Song by Jason Weaver with Rowan Atkinson and Laura Williams

from the album The Lion King: Original Motion Picture Soundtrack
- Released: May 31, 1994
- Recorded: 1992
- Genre: Worldbeat
- Length: 2:49
- Label: Walt Disney
- Composer: Elton John
- Lyricist: Tim Rice
- Producer: Mark Mancina

= I Just Can't Wait to Be King =

"I Just Can't Wait to Be King" is a 1994 song written by Elton John (music) and Tim Rice (lyrics) for the Disney animated feature film The Lion King (1994). The song was performed in 1992 by American actor and singer Jason Weaver as the singing voice of young Simba, with English actor Rowan Atkinson and American actress Laura Williams providing supporting vocals in their roles as Zazu and the singing voice of young Nala, respectively. It was released June 12, 1994 on The Lion King: Original Motion Picture Soundtrack.

The song was featured in the 2019 film adaptation, performed by JD McCrary, John Oliver, and Shahadi Wright Joseph released June 11, 2019 on The Lion King: Original Motion Picture Soundtrack.

== Elton John single ==
Elton John performed the second version of I Just Can't Wait to Be King as a single.

==Analysis==
The song is "an ode to youthful arrogance, invincibility, and above all, impatience".

==Critical reception==
The New York Times Film Reviews 1993–1994 deemed the song to be derivative as well as "cute, lilting [and] safe", and likened the song to Michael Jackson singing "Under the Sea". The Cavalier Daily also compared the song to those from The Little Mermaid, and Popdust compared it to Billy Joel's "River of Dreams".

The New York Times Theater Reviews 1997–1998 felt that the song was "conventionally comic and upbeat". Lakeland Ledger wrote that it is a "dazzling Busby Berkeley-style dancefest" with a "Rockettes kickline". It has been described as "strutting", "bouncy", "grand", and a "hubris-filled fantasy song". News.com deemed it the underdog song of The Lion King, adding "this showstopper about the future didn't get the accolades its brethren received."

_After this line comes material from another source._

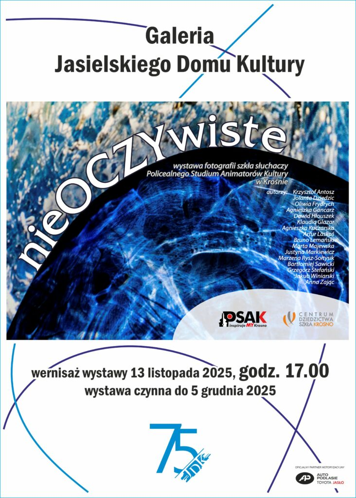 Już 13 listopada (czwartek) 2025 roku o godz. 17.00 w Sali Offowej Galerii Jasielskiego Domu Kultury odbędzie się wernisaż wystawy fotografii szkła „nieOCZYwiste”. To efekt pracy słuchaczy kierunku Animatorzy Fotografii z Policealnego Studium Animatorów Kultury w Krośnie, którzy udowadniają, że nawet najzwyklejsze przedmioty mogą zaskakiwać swoją formą i światłem.
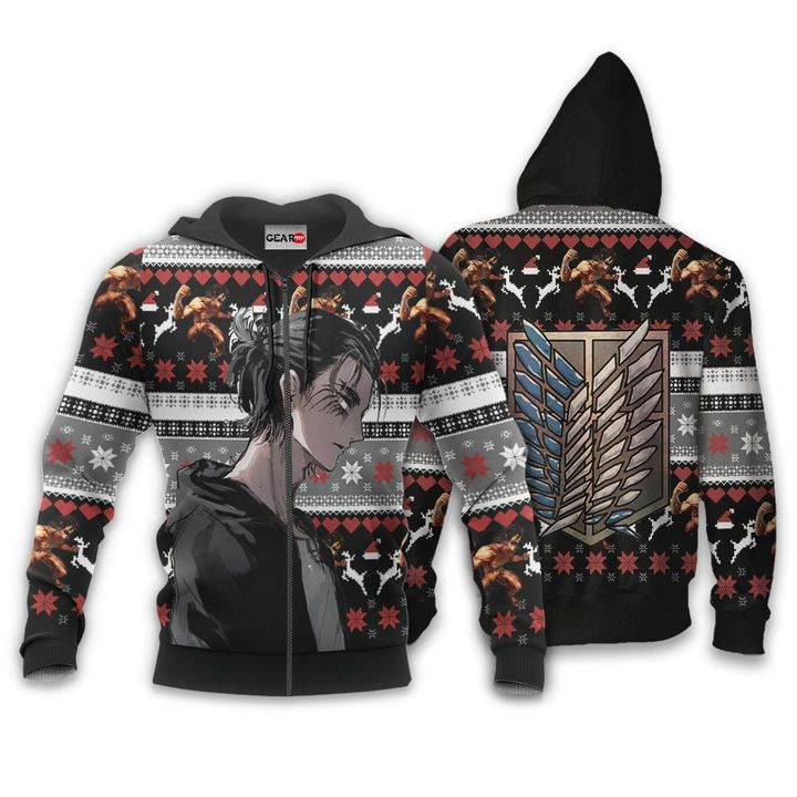 AOT Eren Ugly Christmas Sweater Pullover Hoodie Custom Anime Attack On Titan Xmas Gifts

Less favorable reviews have described the song as "irritating" and not very "thematically rich". Popdust ranked the song 5 out of 6 songs in the film, and BoingBoing listed it as the 11th best "I Want" song in the Disney repertoire. The Cavalier Daily deemed the Elton John reworking "uneventful and boring".

==Certifications==

| Region | Certification | Certified units/sales |
| United Kingdom (BPI) | Platinum | 600,000^{‡} |
| United Kingdom (BPI) JD McCrary, Shahadi Wright Joseph, and John Oliver version | Silver | 200,000^{‡} |
| United States (RIAA) | 2× Platinum | 2,000,000^{‡} |
^{‡} Sales+streaming figures based on certification alone.

==Context==

===In film===
"I Just Can't Wait to Be King" is a large contrast from the film's non-musical segments; the onset of the song sees a change from a neutral color palette. The song is performed near the beginning of the film by a young Simba and Nala as to enunciate Simba's desires to become King. It is a prelude to Simba's lost innocence, being tricked into thinking he killed his father, his leaving Pride Rock, and attempt to forget his past.

====Direct-to-video prequel====
It also appears in DisneyToon's 2004 direct-to-video followup The Lion King 1½. Timon and Pumbaa are disturbed by some noise from outside of their home, which is actually Simba, Nala, and the animals singing this musical number. Timon is angry and hits the leg of an elephant supporting the tower of animals with a stick. The elephant jumps in surprise and causes the tower to collapse, explaining why it collapses in the original film. Timon and Pumbaa's home is ruined by this event.

===In musical===
The song appears in the Broadway show and is performed by Scott Irby-Ranniar, Kajuana Shuford, and Geoff Hoyle on the 1997 Original Cast Recording. In the Spanish language version of The Lion King, "I Just Can't Wait to be King" was performed by the Mexican singer and entertainer Kalimba. Elton John also recorded his own version of the song for the film's soundtrack.